Thriving in a Freezing Climate

Iconic Communities, On the Road, Seasonal, Traditions
on January 7, 2001

When the mercury on the 22-foot thermometer in Smokey Bear Park drops below freezing and the snow starts flying in International Falls, Minn., Shad Murray gets a warm feeling inside.

Murray, a construction worker who operates a snow plow business in the winter, knows the phone soon will be ringing and an exhilarating snowmobile ride across ice-covered Rainy Lake isn't far away.

"The cold is really more of a positive thing up here," Murray says. "I'm a big snowmobiler, so I look forward to winter."

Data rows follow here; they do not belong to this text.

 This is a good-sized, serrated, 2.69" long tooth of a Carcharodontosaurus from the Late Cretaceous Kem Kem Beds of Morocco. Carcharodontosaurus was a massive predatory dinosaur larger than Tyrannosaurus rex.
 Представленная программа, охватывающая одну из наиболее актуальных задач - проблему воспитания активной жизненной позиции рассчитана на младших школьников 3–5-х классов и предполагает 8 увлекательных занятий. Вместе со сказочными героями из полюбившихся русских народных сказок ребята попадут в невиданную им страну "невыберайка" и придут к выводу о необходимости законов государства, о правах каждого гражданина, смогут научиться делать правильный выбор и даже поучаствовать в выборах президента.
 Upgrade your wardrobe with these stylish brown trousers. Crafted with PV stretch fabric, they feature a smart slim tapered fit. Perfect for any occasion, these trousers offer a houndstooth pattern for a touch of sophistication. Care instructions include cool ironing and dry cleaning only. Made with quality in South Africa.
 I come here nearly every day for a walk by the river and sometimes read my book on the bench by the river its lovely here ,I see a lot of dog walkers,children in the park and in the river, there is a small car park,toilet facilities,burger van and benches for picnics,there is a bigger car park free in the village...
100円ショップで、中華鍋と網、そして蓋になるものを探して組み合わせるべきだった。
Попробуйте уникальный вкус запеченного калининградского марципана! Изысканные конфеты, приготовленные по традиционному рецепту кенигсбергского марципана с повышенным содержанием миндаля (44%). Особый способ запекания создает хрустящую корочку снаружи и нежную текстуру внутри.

People in International Falls (pop. 8,000) have learned to embrace—and even capitalize on—the cold and snow that winter brings. They really don't have a choice; when you live in northern Minnesota, you have to take extreme weather in stride. It's part of life.

During a normal winter, more than 60 inches of snow falls in International Falls, and the average temperature is 5 degrees. When you factor in the wind, it can feel like 75 below zero in the self-proclaimed Icebox of America.

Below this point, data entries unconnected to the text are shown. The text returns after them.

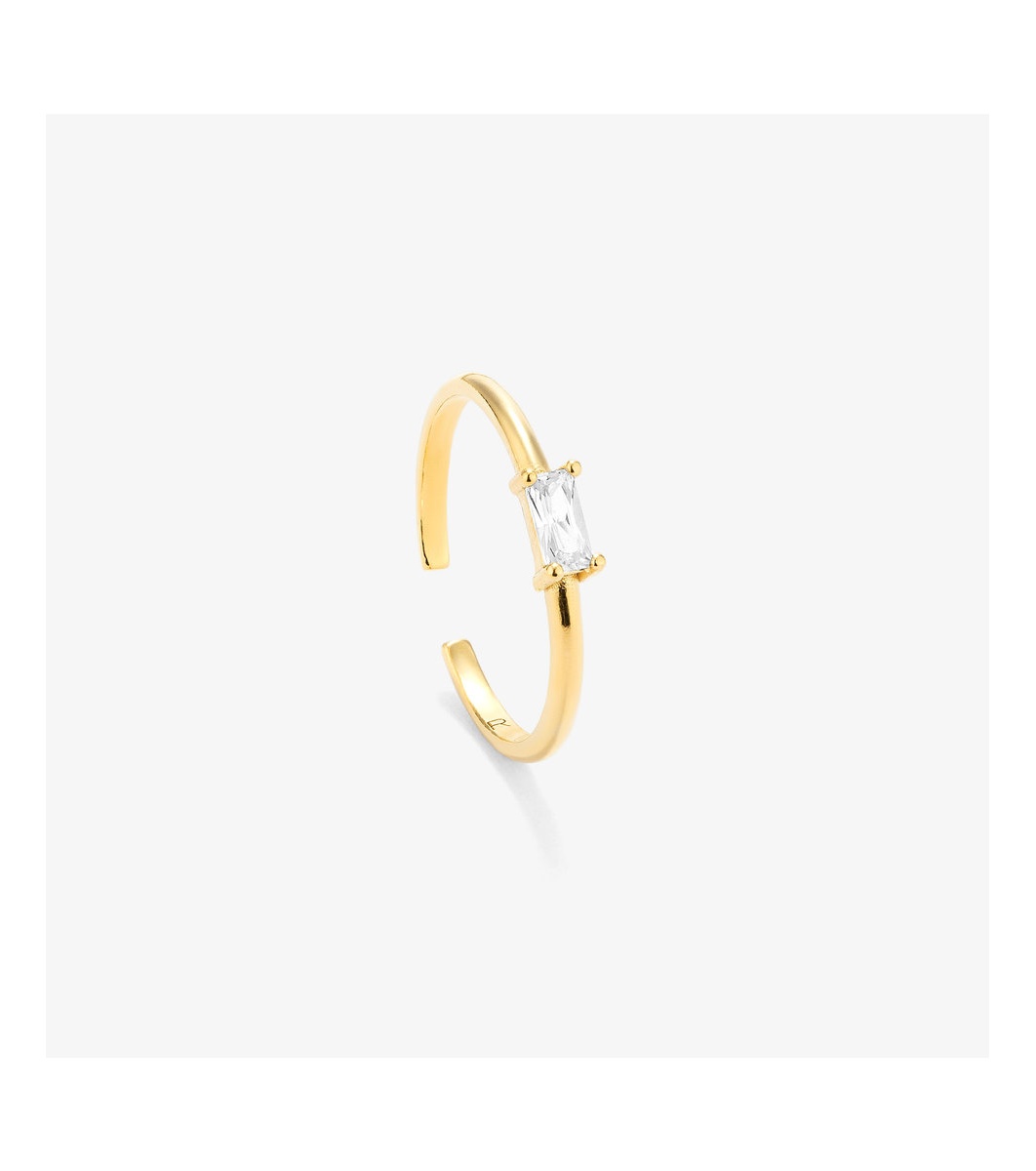 Acest inel elegant are un design deschis și este decorat cu o piatră de formă dreptunghiulară.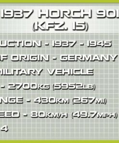 Utilizando un conjunto de 178 bloques de construcción COBI, construirás un automóvil de pasajeros militar Horch 901 (Kfz.15) con pintura del Afrika Korps. El coche se lanzó a escala de modelismo 1:35. Todos los detalles gráficos son impresiones de alta calidad que no desaparecen ni siquiera con un uso intensivo. La ventaja es la estructura, que refleja de forma única las formas originales de su prototipo histórico. El modelo continúa una serie de coches históricos que fueron creados utilizando elementos especialmente diseñados para este fin. El conjunto incluye fantásticos guardabarros de varias piezas, un bloque que imita un radiador, un cristal de arena y muchos otros elementos útiles. El coche es de construcción sencilla y susceptible de modificaciones. ¡Los constructores más experimentados pueden utilizar fácilmente los elementos disponibles para crear otras versiones de automóviles o camiones! El set incluye una figura de un soldado del Afrika Korps equipado con una gorra con estampado y una metralleta MP 40. La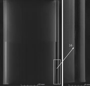 图6为含直径0.1mm线形多余物的第2088层X轴切片图像及检测效果,图像放大后可观察到线形多余物沿流道方向的影像。由于影像横跨多幅切片图像,线形多余物形态在该切片图像上不能完整呈现,且当金属丝紧贴内壁时,尺寸小的线形多余物检测困难,需要将多张切片图像进行对比和图像处理才能观察到。线形多余物测量值与标准丝径基本保持一致,绝对误差≤5μm,最小可测量线形多余物尺寸为0.1mm。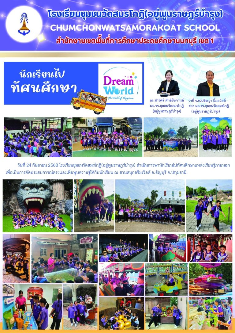 กลุ่มโรงเรียนเมืองนนท์ 1กิจกรรมทัศนศึกษา ณ สวนสนุกดรีมเวิลด์ จ.ปทุมธานี6 ตุลาคม 2025ชุมชนวัดสมรโกฏิ(อยู่พูนราษฎร์บำรุง) โรงเรียนอ่านต่อ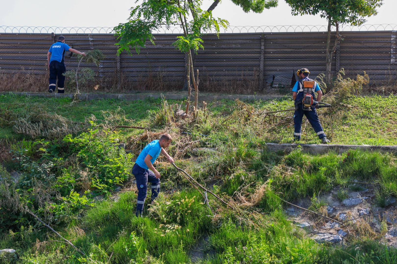SAKARYA (İGFA) – Sakarya Büyükşehir Belediyesi Su ve Kanalizasyon İdaresi (SASKİ), Çark Deresi kenarında ve içerisinde temizlik çalışması gerçekleştirdi. Bir yandan dere kenarında uzayan yabani otlar biçilirken diğer yandan ise dere içine atılan atık maddeler toplandı.

"It gets so cold, the snow cracks," Murray says. "You can hear it as you drive."

For the last 50 years, engineers from around the country have come to town to test products against the worst that winter can deliver, and several companies have even filmed commercials on frozen Rainy Lake. At one point, there was a fleet of cars parked on the lake for a Sears Diehard battery commercial, recalls Mayor Jack Murray.

In 1990, the Minnesota Cold Weather Resource Center was headquartered in International Falls to capitalize on this natural resource. Construction is under way on a $400,000 cold box facility, which will allow companies to test products while engineers wait for winter weather to arrive. The facility will be capable of maintaining temperatures as low as minus 35 degrees in any season.

Cold temperatures also allow loggers to venture onto nearby swampland with heavy equipment after the ground freezes. Some of the felled trees are turned into pulp at the Boise Cascade Corp.'s paper mill, the towns largest employer.

When the workdays done, townspeople also know how to have fun—despite the weather. Snowmobilers take advantage of an extensive trail system that crisscrosses the U.S.-Canada border, and outdoorsmen create a makeshift town on frozen Rainy Lake. Some portable ice-fishing shacks are equipped with all the comforts of homeheaters, padded chairs, tables, even portable stoves.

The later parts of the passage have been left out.